→ **Aim of the exercise**
Once the line holding "Filament Amber G125-pæren er" is found in the entries below, transcribe exactly every line up to and including the one holding "Urban Outfitters Picnic", but leave out the pictures.

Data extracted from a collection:
┄┄┄┄┄┄┄┄┄┄

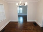 No carpets! The front entry of this charming home leads to a living room with ceiling fan. There is a separate dining room,two nice size bedrooms with ceiling fans,full hall bath with tiled tub/shower combination,tile flooring,single vanity and medicine cabinet. There is a laundry closet with a stackable washer & dryer. The kitchen has tile floors,white cabinets,Granite counters,all appliances (refrigerator,microwave,dishwasher,electric stove) and pantry/closet. There is access to the side wood deck,large level fenced yard with storage shed. Parking on driveway. Landscaping is included in the rent. Close to Historic Marietta & Marietta Square and 5 minutes to Kennestone Hospital. No aggressive dog breeds.
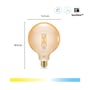 Filament Amber G125-pæren er en stor globusformet pære med en diameter på 125 mm og i dette tilfælde med den klassiske E27-fatning. Den kan med sine synlige LED-tråde og tonet ravgult glas betegnes som den moderne, klassiske pære, da den ligner de gammeldags glødepærer i både design og lysegenskaber. Filament Amber G125-pærens temperatur kan via den trådløst forbundne app indstilles fra kold til varm hvid mellem 2200 og 5500 kelvin og lyse op til 650 lumen. Via den trådløst forbundne app kan du øge eller dæmpe lysstyrken med din smartphone. Selvom det er en stor pære, gør LED-trådene den til en naturlig energisparepære med lang holdbarhed og levetid samt energimærke "A". Det betyder, at den kun bruger 7,5 watt, hvilket svarer til en gammeldags 50-watts pære i lysstyrke, og den har en levetid på 15.000 timer.
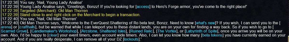 13) COLLECTOR OF TRANSFERRENCE (DON'T BUY!): In some zones (particularly city zones) you may see a 'Collector of Transference' vendor NPC. Do NOT buy anything from these NPC's. They were originally set up for the now defunct Selo server and they sold variant teleport items for Daybreak Cash ('DBC'). While you should have not have any DBC on Beta, just in case, do not buy anything from such vendors to avoid spending actual DBC!
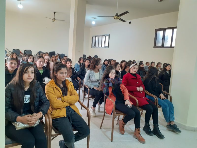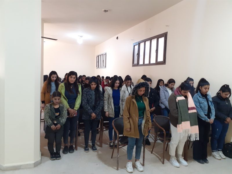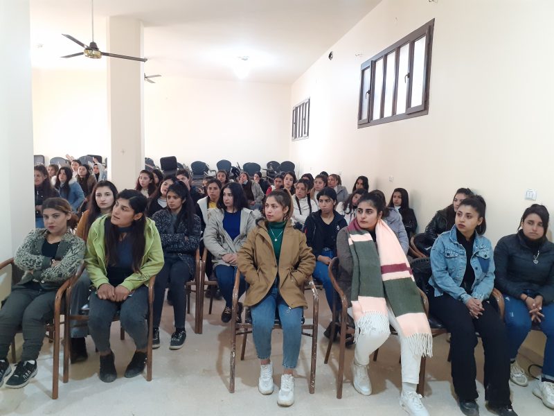 KOBANÊ – Îro bi dehan jinên ciwan ên Kobanê di çerçoveya pêngava “Ji Rêber APO azadî, jî pirsgirêka Kûrd re çareserî” li peymangeha Zanîngeha Kobanê kom bûn. Komxebat bi semînera li ser jiyan û têkoşîna Rêber APO û tecrîda li Îmraliyê destpê kir û komîsyon ji aliyê xwendekarên zanîngehê ve hate peşkeşkirin.
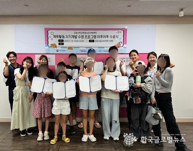 (한국글로벌뉴스 - 박소연 기자) (재)군포시청소년재단 군포시학교밖청소년지원센터는 지난 7월 15일 군포시청소년수련관에서 학교 밖 청소년 생존수영’프로그램 수료식을 가졌다.
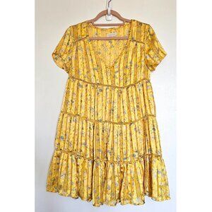Urban Outfitters Picnic Tiered Frock Short Sleeve Dress XS Glowy Golden Yellow
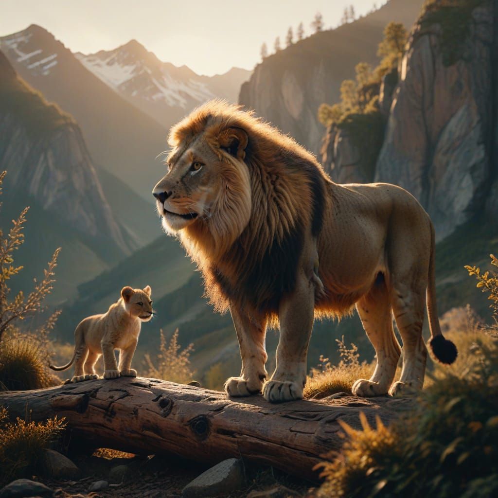 This stunning image captures a wise old lion gazing at a young lion perched on a log, set amidst a breathtaking mountain backdrop with lush foliage and warm, golden tones.
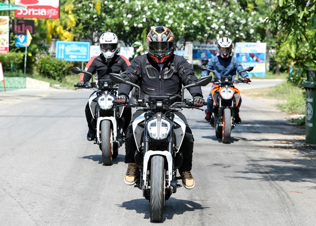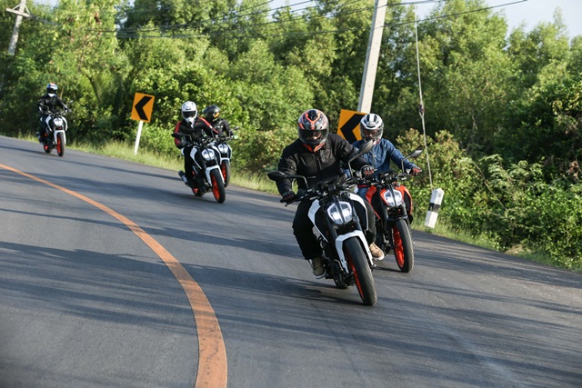 KTM NEW 390 DUKE เป็นการสลับขี่ 2 กลุ่มคือจากกรุงเทพฯ - ชะอำ จังหวัดเพชรบุรี โดยทีมงานเช็คราคา.คอมได้ทดลองขี่ในช่วงเดินทางกลับจากอ.ชะอำสู่กรุงเทพฯ ด้วยเส้นทางคลองโคน เพื่อเล่นโค้ง ต่อเนื่องถนนพระราม 2 ยาวไปจนถึงเพชรเกษม และข้ามสะพานกรุงเทพฯ สู่ถนนพระรามที่ 3 พระรามที่ 4 กลับสู่โชว์รูม KTM Flagship Bangkok โครงการ เอ สแควร์ สุขุมวิท 26
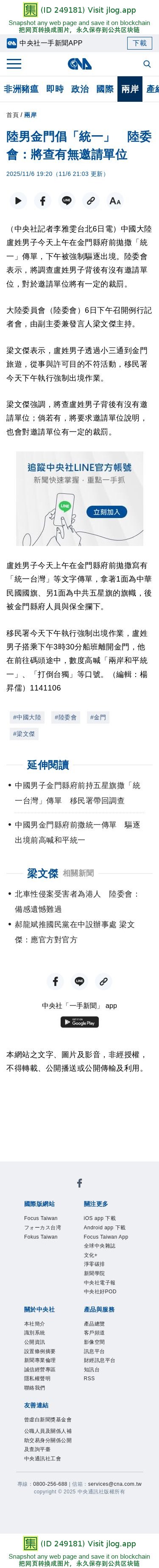 陸男金門倡「統一」 陸委會:將查有無邀請單位 | 兩岸 | 中央社 CNA
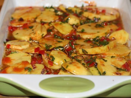 Картофель очистите, промойте и нарежьте тонкими кружочками.Болгарский перец очистите, промойте и нарежьте мелкими кубиками.Так же мелко порежьте петрушку и репчатый лук.Чеснок пропустите через пресс или натрите.Смешайте картошку с перцем, луком, чесноком и зеленью в тарелке, добавив масло, соль и специи.Разложите овощи на жаропрочный противень и залейте их томатным соусом, разведенным куриным бульоном или водой. Наливайте соус по краю, чтобы не смыть с картофеля специи и масло.Отправьте овощи в соусе запекаться в разогретую до 200 градусов духовку на 20 минут.
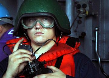 | Keywords: US Navy 080609-N-9604C-083 Boatswain's Mate Seaman Aaron Turner uses sound-powered phones to communicate information regarding fuel consumption.jpg  en INDIAN OCEAN June 9 2008 Boatswain's Mate Seaman Aaron Turner uses sound-powered phones to communicate information regarding fuel consumption on the starboard side of the amphibious assault ship USS Peleliu LHA 5 during a replenishment at sea with the Military Sealift Command fleet replenishment oiler USNS Walter S Diehl Peleliu is conducting exercises in the Indian Ocean on a scheduled deployment U S Navy photo by Mass Communication Seaman Shannon K Cassidy Released 2008-06-09 080609-N-9604C-083 Navy http //www navy mil/view_image asp id 60062 U S Navy photo by Mass Communication Seaman Shannon K Cassidy PD-USGov-Military-Navy Phone talkers underway replenishment Aboard USS Peleliu LHA-5 People of the United States Navy with sound-powered telephones |

┄┄┄┄┄┄┄┄┄┄

→ **Completed task**
 Filament Amber G125-pæren er en stor globusformet pære med en diameter på 125 mm og i dette tilfælde med den klassiske E27-fatning. Den kan med sine synlige LED-tråde og tonet ravgult glas betegnes som den moderne, klassiske pære, da den ligner de gammeldags glødepærer i både design og lysegenskaber. Filament Amber G125-pærens temperatur kan via den trådløst forbundne app indstilles fra kold til varm hvid mellem 2200 og 5500 kelvin og lyse op til 650 lumen. Via den trådløst forbundne app kan du øge eller dæmpe lysstyrken med din smartphone. Selvom det er en stor pære, gør LED-trådene den til en naturlig energisparepære med lang holdbarhed og levetid samt energimærke "A". Det betyder, at den kun bruger 7,5 watt, hvilket svarer til en gammeldags 50-watts pære i lysstyrke, og den har en levetid på 15.000 timer.
 13) COLLECTOR OF TRANSFERRENCE (DON'T BUY!): In some zones (particularly city zones) you may see a 'Collector of Transference' vendor NPC. Do NOT buy anything from these NPC's. They were originally set up for the now defunct Selo server and they sold variant teleport items for Daybreak Cash ('DBC'). While you should have not have any DBC on Beta, just in case, do not buy anything from such vendors to avoid spending actual DBC!
 KOBANÊ – Îro bi dehan jinên ciwan ên Kobanê di çerçoveya pêngava “Ji Rêber APO azadî, jî pirsgirêka Kûrd re çareserî” li peymangeha Zanîngeha Kobanê kom bûn. Komxebat bi semînera li ser jiyan û têkoşîna Rêber APO û tecrîda li Îmraliyê destpê kir û komîsyon ji aliyê xwendekarên zanîngehê ve hate peşkeşkirin.
 (한국글로벌뉴스 - 박소연 기자) (재)군포시청소년재단 군포시학교밖청소년지원센터는 지난 7월 15일 군포시청소년수련관에서 학교 밖 청소년 생존수영’프로그램 수료식을 가졌다.
Urban Outfitters Picnic Tiered Frock Short Sleeve Dress XS Glowy Golden Yellow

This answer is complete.